WORK REQUIRED:
The listing below must be repeated word for word, without its pictures.

SOURCE MATERIAL:
***

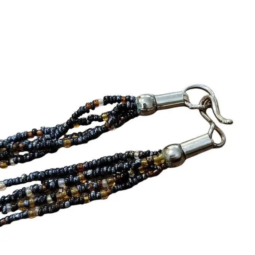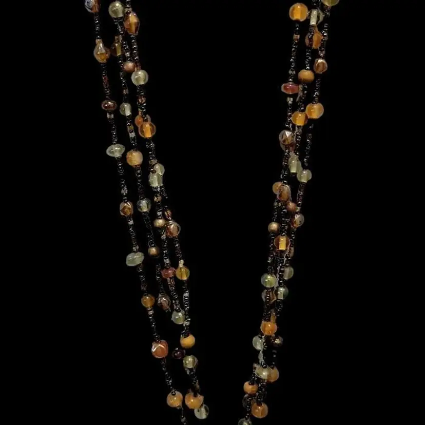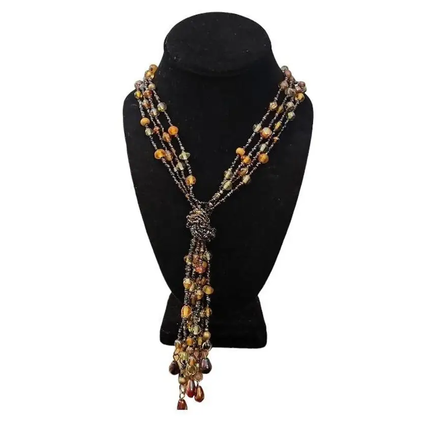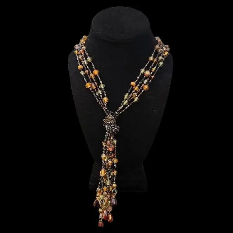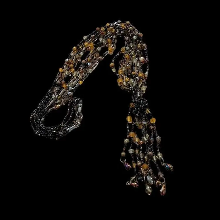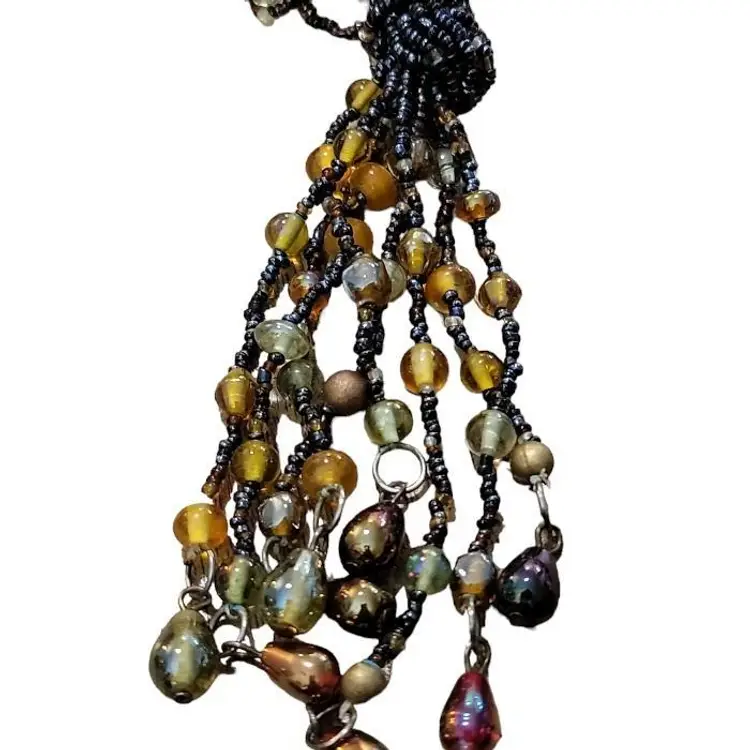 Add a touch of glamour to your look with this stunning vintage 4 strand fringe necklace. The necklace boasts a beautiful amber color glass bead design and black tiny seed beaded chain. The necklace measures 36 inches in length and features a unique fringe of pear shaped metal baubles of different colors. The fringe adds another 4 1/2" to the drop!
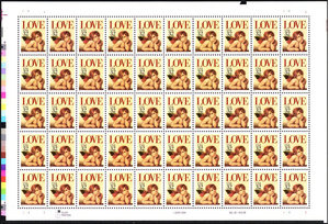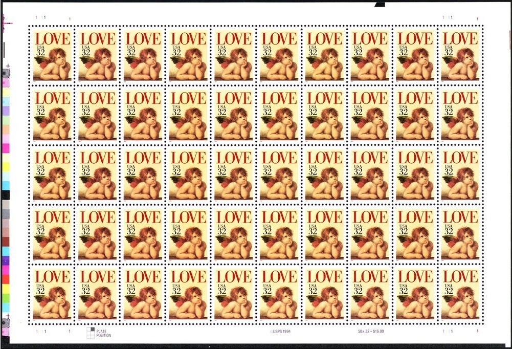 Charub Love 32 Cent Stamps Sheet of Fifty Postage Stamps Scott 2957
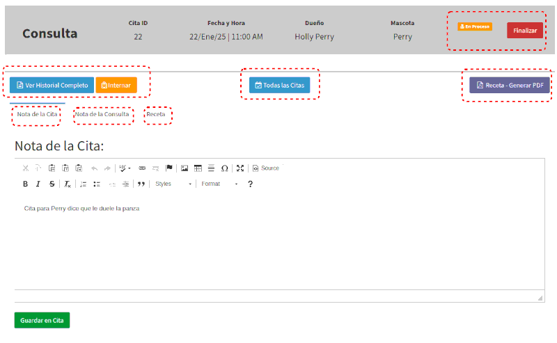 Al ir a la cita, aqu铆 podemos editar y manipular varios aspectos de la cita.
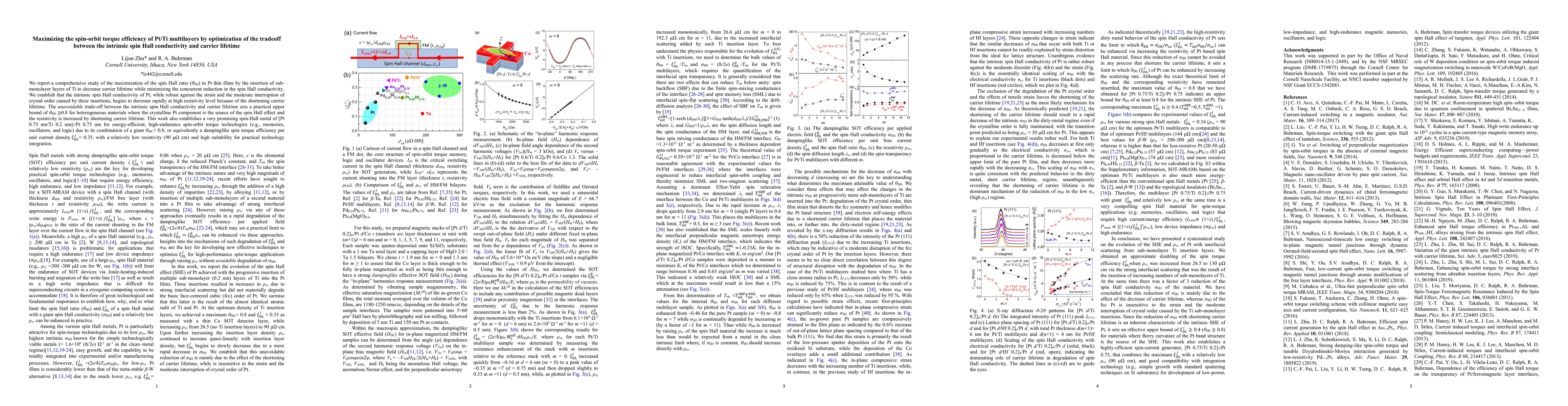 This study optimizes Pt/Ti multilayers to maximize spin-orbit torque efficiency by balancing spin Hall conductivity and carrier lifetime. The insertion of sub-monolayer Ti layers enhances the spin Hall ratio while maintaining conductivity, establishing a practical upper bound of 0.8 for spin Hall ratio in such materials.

***

ANSWER FOR THIS EXERCISE:
 Add a touch of glamour to your look with this stunning vintage 4 strand fringe necklace. The necklace boasts a beautiful amber color glass bead design and black tiny seed beaded chain. The necklace measures 36 inches in length and features a unique fringe of pear shaped metal baubles of different colors. The fringe adds another 4 1/2" to the drop!
 Charub Love 32 Cent Stamps Sheet of Fifty Postage Stamps Scott 2957
 Al ir a la cita, aqu铆 podemos editar y manipular varios aspectos de la cita.
 This study optimizes Pt/Ti multilayers to maximize spin-orbit torque efficiency by balancing spin Hall conductivity and carrier lifetime. The insertion of sub-monolayer Ti layers enhances the spin Hall ratio while maintaining conductivity, establishing a practical upper bound of 0.8 for spin Hall ratio in such materials.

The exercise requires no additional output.